Data extract -
○ ○ ○ ○
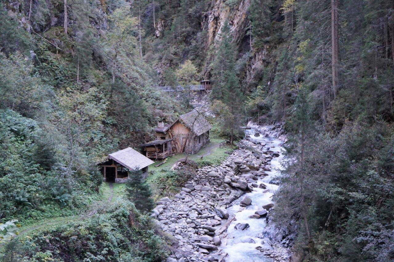 Bergwerk Hochfeld, Schachthaus (Mitte) und Mundloch mit Hängebrücke über den Sulzbach.
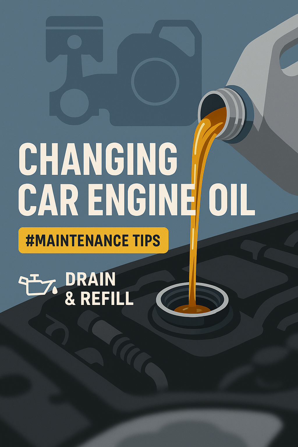 /Collection: /by davooda/Type: PNG/Informative infographic depicting the process of changing car engine oil, featuring a graphic of oil pouring into an engine. Ideal for automotive maintenance guidance.
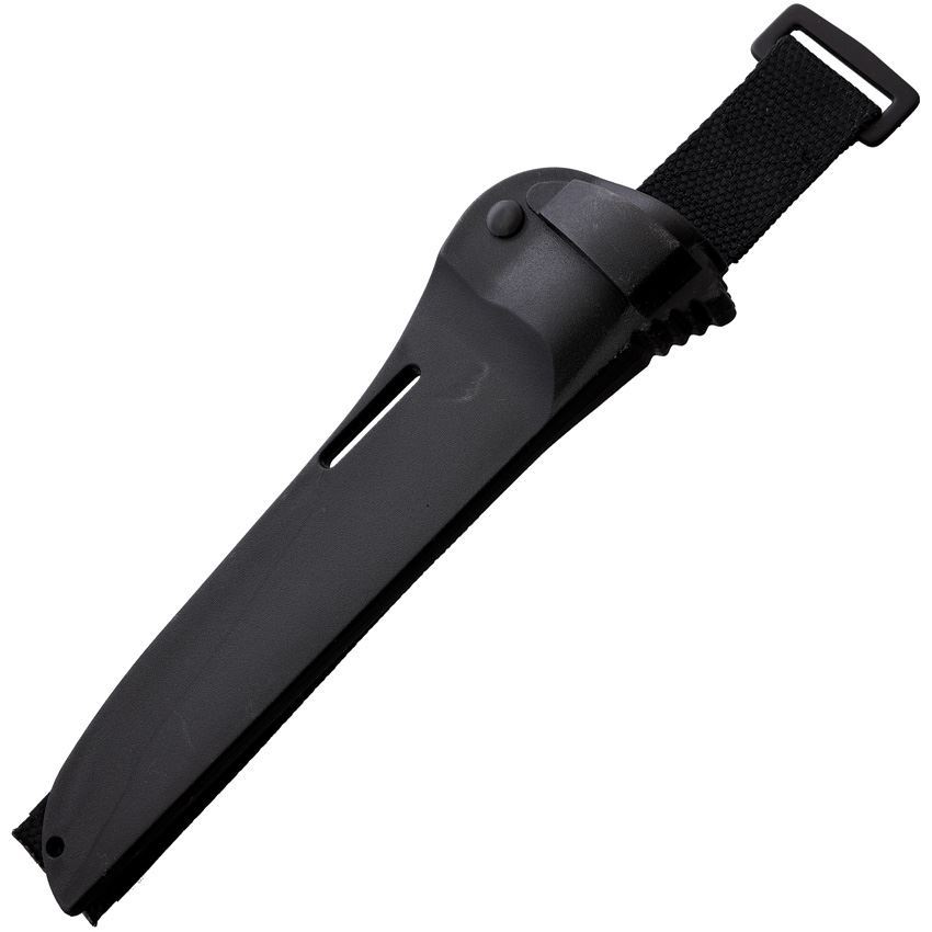 Model - KLJPM95C. Kellam Ranger Puukko Composite. 11" (27.94cm) overall. 6" (15.24cm) Teflon coated 80CrV2 carbon steel blade. Black rubber handle. Lanyard hole. Black composite belt sheath. Bulk packed. Made in Finland.
○ ○ ○ ○
What you have to do - Nothing but the lines from the one containing "automotive maintenance guidance." through the end of the listing should be printed, each exactly as it appears and without pictures.

Response to this task -
 /Collection: /by davooda/Type: PNG/Informative infographic depicting the process of changing car engine oil, featuring a graphic of oil pouring into an engine. Ideal for automotive maintenance guidance.
 Model - KLJPM95C. Kellam Ranger Puukko Composite. 11" (27.94cm) overall. 6" (15.24cm) Teflon coated 80CrV2 carbon steel blade. Black rubber handle. Lanyard hole. Black composite belt sheath. Bulk packed. Made in Finland.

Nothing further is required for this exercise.